Together with \(f(1)=1\), these values determine all small checkpoints. They also serve as the exact base of the recursion, so no approximation is introduced anywhere.

Step 2: Large Blocks Split into Four Deterministic Pieces

For \(k \ge 5\), set

$r=2^{k-3}.$

Then \(|B_k|=2^k=8r\), and the block decomposes into four consecutive pieces:

$\text{Part I: } B_k(1),\ldots,B_k(3r)=B_{k-1}(1),\ldots,B_{k-1}(3r),$

$\text{Part II: } 4r+2,\ 2r,\ 2r-2,\ \ldots,\ 4,$

$\text{Part III: } 2,\ 4,\ 6,\ \ldots,\ 4r,$

$\text{Part IV: } 6r+3,\ 2r+2,\ 2r+1,\ \ldots,\ 4.$

So the first \(3r\) values are copied from the first three quarters of the previous block, while the remaining \(5r\) values are generated by closed arithmetic rules.
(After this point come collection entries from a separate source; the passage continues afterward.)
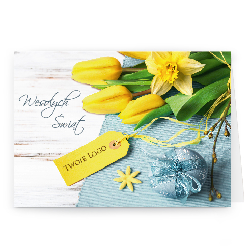 Logo i życzenia są drukowane bezpośrednio na kartce.
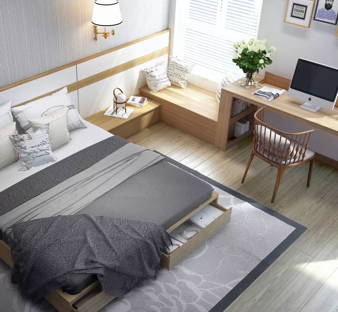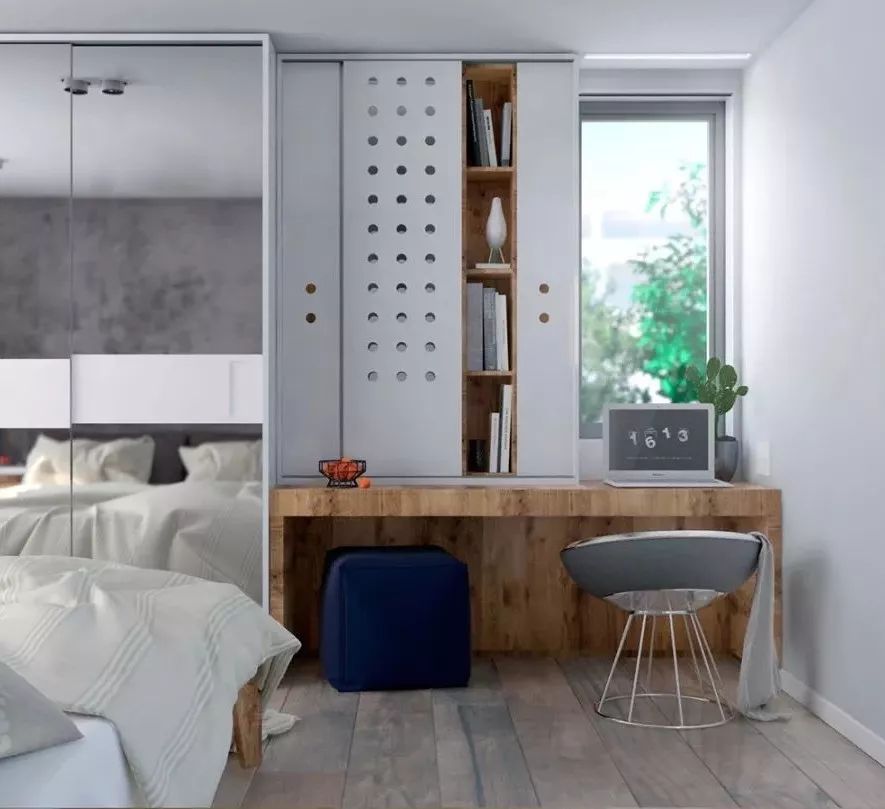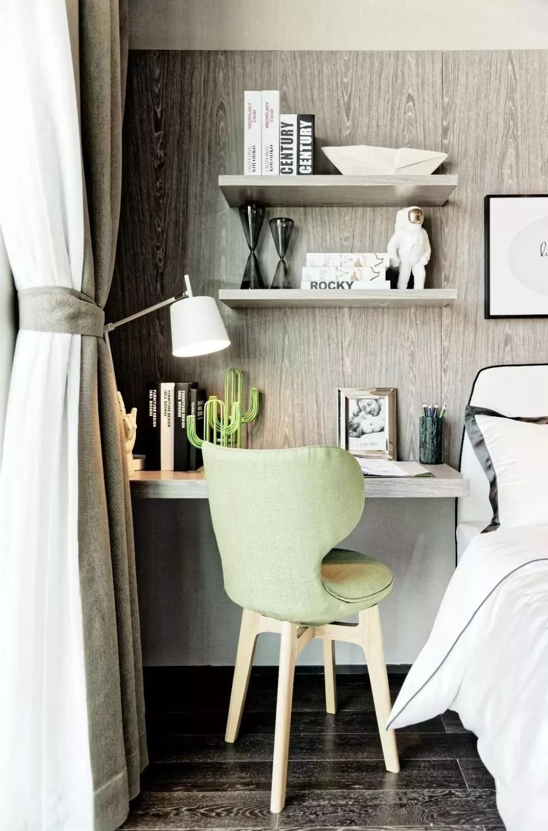 其实,卧室可以省略一个床头柜。在床头位置设计一款小书桌,既能办公,还可以当梳妆台使用。450mm以上的进深,就能将手臂放到桌面来操作电脑,桌下放腿的空间也足够宽敞。
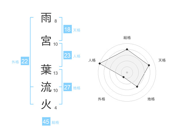 雨宮 葉流火さんを姓名の画数から五運を鑑定
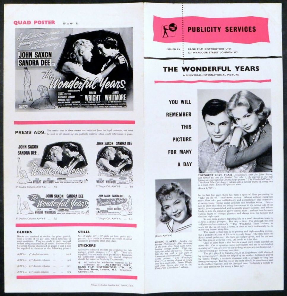 auch 'The Restless Years' (D: 'Zu jung') im Bereich der jungen Filmstars

This is the structural reason the problem becomes logarithmic rather than linear.

Step 3: Closed Forms for the Three New Pieces

Let the prefix sums of Parts II, III, and IV be denoted by \(A(r,m)\), \(E(m)\), and \(U(r,m)\).
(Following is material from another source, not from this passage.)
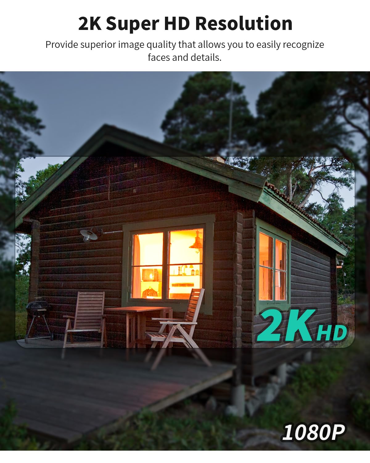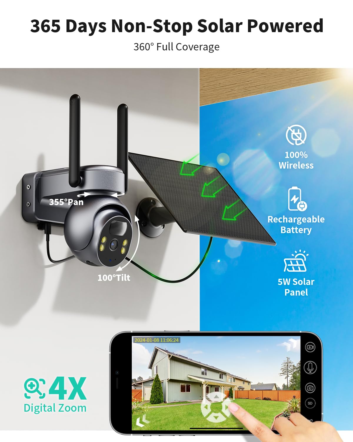 2K Color Night Vision and 360° Live Full View: The no WiFi security camera outdoor features 2K (2304*1296) resolution and spotlight full-color night vision, providing clear images and videos even in darkness and up to 65 feet. The off grid security camera allows for a 360° panoramic view with 355° Pan and 100° Tilt, even if you're not there, you can remotely access the camera via your phone to view live footage
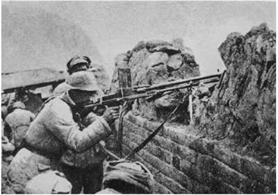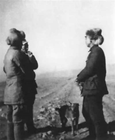 ◆1948年2月,许光达(右)等在宜川、瓦子街战役时,在前沿阵地察看地形。

For Part II, with \(1 \le m \le r\),

$A(r,m)=4r+2+(m-1)(2r-m+2),$

and the full segment sum is

$\Sigma_A(r)=A(r,r)=r(r+5).$

For Part III, with \(1 \le m \le 2r\),

$E(m)=m(m+1),$

because the segment is simply \(2,4,6,\ldots,2m\). Its full sum is

$\Sigma_E(r)=E(2r)=4r^2+2r.$

For Part IV, with \(1 \le m \le 2r\),

$U(r,m)=6r+3+\frac{(m-1)(4r-m+6)}{2},$

and the full segment sum is

$\Sigma_U(r)=U(r,2r)=2r^2+11r.$

If \(Q_k\) denotes the sum of the first three quarters of \(B_k\), then

$Q_k=Q_{k-1}+\Sigma_A(r)+\Sigma_E(r)=Q_{k-1}+5r^2+7r,$

and the whole block sum is

$\Sigma_k=Q_k+\Sigma_U(r).$

Step 4: Prefix Sums Reduce to One Block Query

Write any \(n \ge 1\) in the form

$n=2^k+t,\qquad 0 \le t \le 2^k.$

Then

$S(n)=P_k+G_k(t).$

For \(k \le 4\), \(G_k(t)\) is read directly from the stored seed-block prefixes. For \(k \ge 5\), the block prefix is piecewise:

$G_k(t)= \begin{cases} 0, & t=0,\\ G_{k-1}(t), & 1 \le t \le 3r,\\ Q_{k-1}+A(r,t-3r), & 3r \lt t \le 4r,\\ Q_{k-1}+\Sigma_A(r)+E(t-4r), & 4r \lt t \le 6r,\\ Q_{k-1}+\Sigma_A(r)+\Sigma_E(r)+U(r,t-6r), & 6r \lt t \le 8r. \end{cases}$

Only the first case makes a recursive descent, and each descent lowers the block index by one. That is why the query depth is \(O(\log n)\).

Step 5: Worked Example

The first nontrivial large block is \(B_5\), where \(r=2^{5-3}=4\). The first \(12\) entries are copied from the first \(12\) entries of \(B_4\):

$3,8,2,6,2,4,10,4,2,4,6,8.$

The three analytic pieces are then

$18,8,6,4,$

$2,4,6,8,10,12,14,16,$

and

$27,10,9,8,7,6,5,4.$

Hence

$B_5=(3,8,2,6,2,4,10,4,2,4,6,8,18,8,6,4,2,4,6,8,10,12,14,16,27,10,9,8,7,6,5,4).$

As a quick prefix check,

$P_4=1+2+6+17+38=64,$

and since \(20=16+4\),

$S(20)=P_4+G_4(4)=64+(3+8+2+6)=83,$

which matches the required checkpoint.

How the Code Works

The C++, Python, and Java implementations all follow the same plan. They store the five seed blocks, build prefix tables for those exact values, and then precompute for each higher level three quantities: the sum of the whole block, the sum of the first three quarters of the block, and the prefix sum up to the next power of two.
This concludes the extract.